1. A track maintenance vehicle having a vehicle frame (4) siipported on on-track undercarriages (2) mobile on a track, wherein each on-track undercarriage (2) includes the following features:
a) a bogie frame (15) is provided for supporting two wheel sets (17) spaced from one another in a longitudinal direction (16), b) the bogie frame (15) is composed of two longitudinal frame beams (20) which are spaced from one another with regard to an axis of rotation (18) of the wheel sets (17) and each have an axle bearing (19) for supporting a respective said wheel set (17), c) the two longitudinal frame beams (20) are connected to one another between the two wheel sets (17) by means of a transverse frame beam (21), d) strain gauges (22) for detecting a frame deflection are arranged on the bogie frame (15), wherein a respective strain gauge (22) is arranged on each longitudinal frame beam (20) between the transverse frame beam (21) and the axle bearing (19) of an adjoining said wheel set (17).
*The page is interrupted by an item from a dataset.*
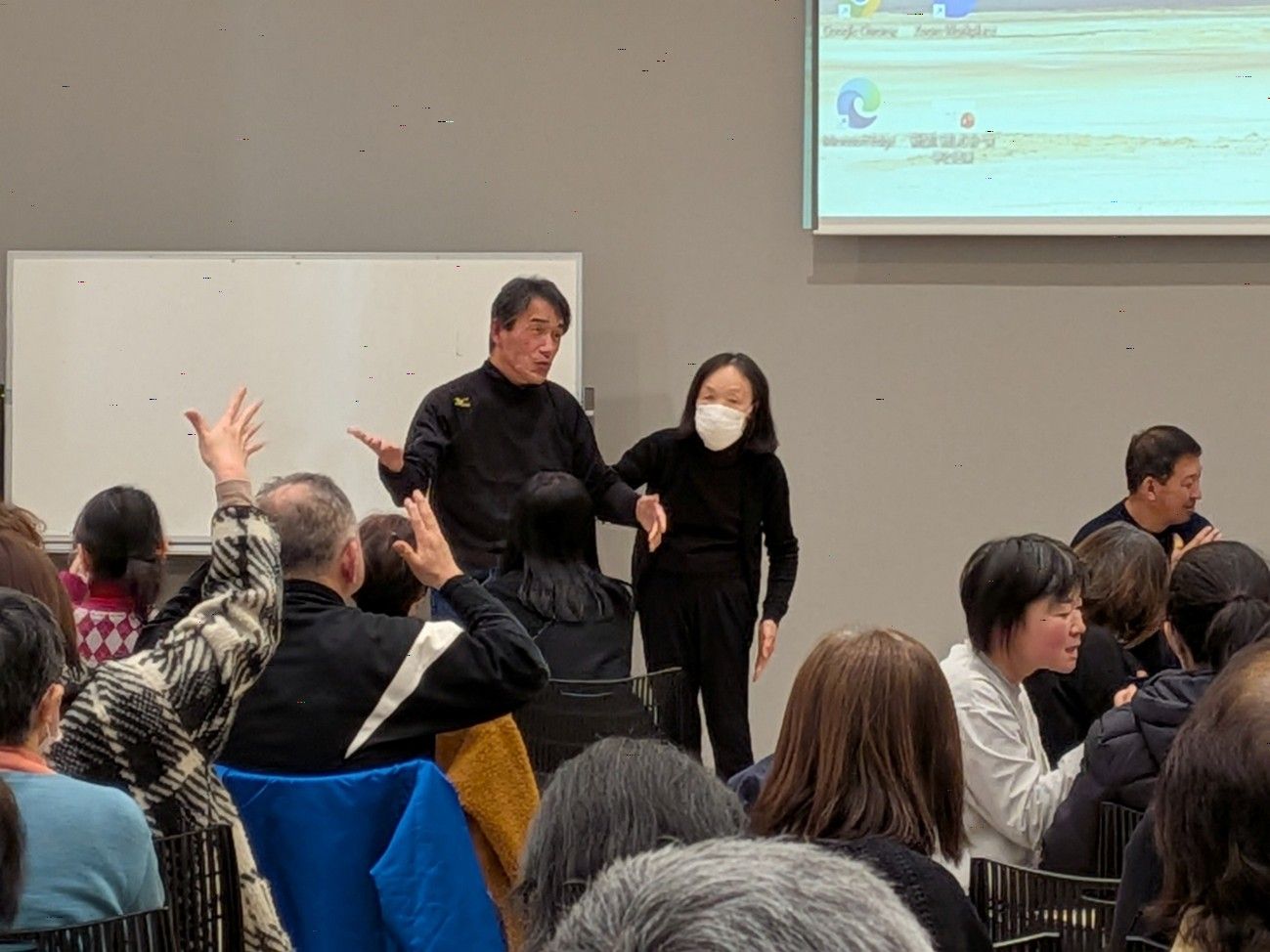 午前、午後併せて70名の方に参加いただきました。盲ろう者が監督と主演を務める映画です。

2. A track maintenance vehicle according to claim 1 , characterized in that only a single strain gauge (22) is provided on each longitudinal frame beam (20), wherein the two strain gauges (22) are positioned longitudinally offset to one another as seen in a transverse direction extending parallel to the axis of rotation (18).

3. A track maintenance vehicle according to claim 1 or 2, characterized in that each strain gauge (22) is fastened at a point of the respective longitudinal frame beam (20) at which a main power flow is present which extends in the longitudinal direction of the longitudinal frame beam (20) and has a minimum of transversely extending force reactions.

4. A track maintenance vehicle having a vehicle frame (4) supported on on-track undercarriages (2) mobile on a track, wherein each on-track undercarriage (2) includes the following features:
a) a bogie frame (15) is provided for supporting two wheel sets (17) spaced from one another in a longitudinal direction (16), b) the bogie frame (15) is composed of two longitudinal frame beams (20) which are spaced from one another with regard to an axis of rotation (18) of the wheel sets (17) and each have an axle bearing (19) for supporting a respective said wheel set (17), c) the two longitudinal frame beams (20) are connected to one another between the two wheel sets (17) by means of a transverse frame beam (21), d) two bogie frames (15) spaced from one another with regard to the longitudinal direction (16) are connected in each case via a bogie pivot (23) to a frame bridge (24) which has a central swivel ring (23), positioned between the bogie pivots (23) of the bogie frames (15), for connection to the vehicle frame (4), e) strain gauges (22) are provided for detecting a frame deflection, wherein a respective strain gauge (22) is arranged on the frame bridge (24) between the central swivel ring (23) and the adjacent bogie pivot (23) of the adjoining bogie frame (15).

5. A track maintenance vehicle according to claim 4, characterized in that only two strain gauges (22) are arranged on the frame bridge (24), wherein the two strain gauges (22) are positioned longitudinally offset to one another as seen in a transverse direction extending parallel to the axis of rotation (18).